• [Dataset items]:
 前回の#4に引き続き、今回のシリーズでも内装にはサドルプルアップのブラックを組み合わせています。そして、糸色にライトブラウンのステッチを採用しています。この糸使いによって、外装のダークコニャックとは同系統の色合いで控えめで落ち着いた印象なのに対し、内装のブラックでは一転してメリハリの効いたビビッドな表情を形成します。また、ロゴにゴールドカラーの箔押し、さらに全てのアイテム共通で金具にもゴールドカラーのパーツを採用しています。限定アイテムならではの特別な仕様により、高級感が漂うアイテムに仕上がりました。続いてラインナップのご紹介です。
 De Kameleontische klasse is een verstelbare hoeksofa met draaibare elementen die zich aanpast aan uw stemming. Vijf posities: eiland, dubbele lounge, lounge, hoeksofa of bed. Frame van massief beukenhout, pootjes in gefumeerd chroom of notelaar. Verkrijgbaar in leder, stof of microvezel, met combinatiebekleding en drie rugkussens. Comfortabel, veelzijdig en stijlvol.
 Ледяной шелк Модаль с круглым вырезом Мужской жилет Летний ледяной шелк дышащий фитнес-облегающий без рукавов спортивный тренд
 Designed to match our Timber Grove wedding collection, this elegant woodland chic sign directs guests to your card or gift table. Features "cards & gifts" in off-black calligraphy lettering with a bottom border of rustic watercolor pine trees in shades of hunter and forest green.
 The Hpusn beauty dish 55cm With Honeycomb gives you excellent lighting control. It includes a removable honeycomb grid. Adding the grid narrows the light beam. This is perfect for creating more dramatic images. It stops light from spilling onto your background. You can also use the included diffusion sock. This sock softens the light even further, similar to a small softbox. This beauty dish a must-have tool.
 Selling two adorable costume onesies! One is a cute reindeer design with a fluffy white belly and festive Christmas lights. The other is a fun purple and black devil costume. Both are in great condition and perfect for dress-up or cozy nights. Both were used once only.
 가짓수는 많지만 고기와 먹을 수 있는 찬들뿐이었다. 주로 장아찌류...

• [TASK DESCRIPTION]: The required response is a complete, exact copy of the records.

• [EXERCISE RESULT]:
 前回の#4に引き続き、今回のシリーズでも内装にはサドルプルアップのブラックを組み合わせています。そして、糸色にライトブラウンのステッチを採用しています。この糸使いによって、外装のダークコニャックとは同系統の色合いで控えめで落ち着いた印象なのに対し、内装のブラックでは一転してメリハリの効いたビビッドな表情を形成します。また、ロゴにゴールドカラーの箔押し、さらに全てのアイテム共通で金具にもゴールドカラーのパーツを採用しています。限定アイテムならではの特別な仕様により、高級感が漂うアイテムに仕上がりました。続いてラインナップのご紹介です。
 De Kameleontische klasse is een verstelbare hoeksofa met draaibare elementen die zich aanpast aan uw stemming. Vijf posities: eiland, dubbele lounge, lounge, hoeksofa of bed. Frame van massief beukenhout, pootjes in gefumeerd chroom of notelaar. Verkrijgbaar in leder, stof of microvezel, met combinatiebekleding en drie rugkussens. Comfortabel, veelzijdig en stijlvol.
 Ледяной шелк Модаль с круглым вырезом Мужской жилет Летний ледяной шелк дышащий фитнес-облегающий без рукавов спортивный тренд
 Designed to match our Timber Grove wedding collection, this elegant woodland chic sign directs guests to your card or gift table. Features "cards & gifts" in off-black calligraphy lettering with a bottom border of rustic watercolor pine trees in shades of hunter and forest green.
 The Hpusn beauty dish 55cm With Honeycomb gives you excellent lighting control. It includes a removable honeycomb grid. Adding the grid narrows the light beam. This is perfect for creating more dramatic images. It stops light from spilling onto your background. You can also use the included diffusion sock. This sock softens the light even further, similar to a small softbox. This beauty dish a must-have tool.
 Selling two adorable costume onesies! One is a cute reindeer design with a fluffy white belly and festive Christmas lights. The other is a fun purple and black devil costume. Both are in great condition and perfect for dress-up or cozy nights. Both were used once only.
 가짓수는 많지만 고기와 먹을 수 있는 찬들뿐이었다. 주로 장아찌류...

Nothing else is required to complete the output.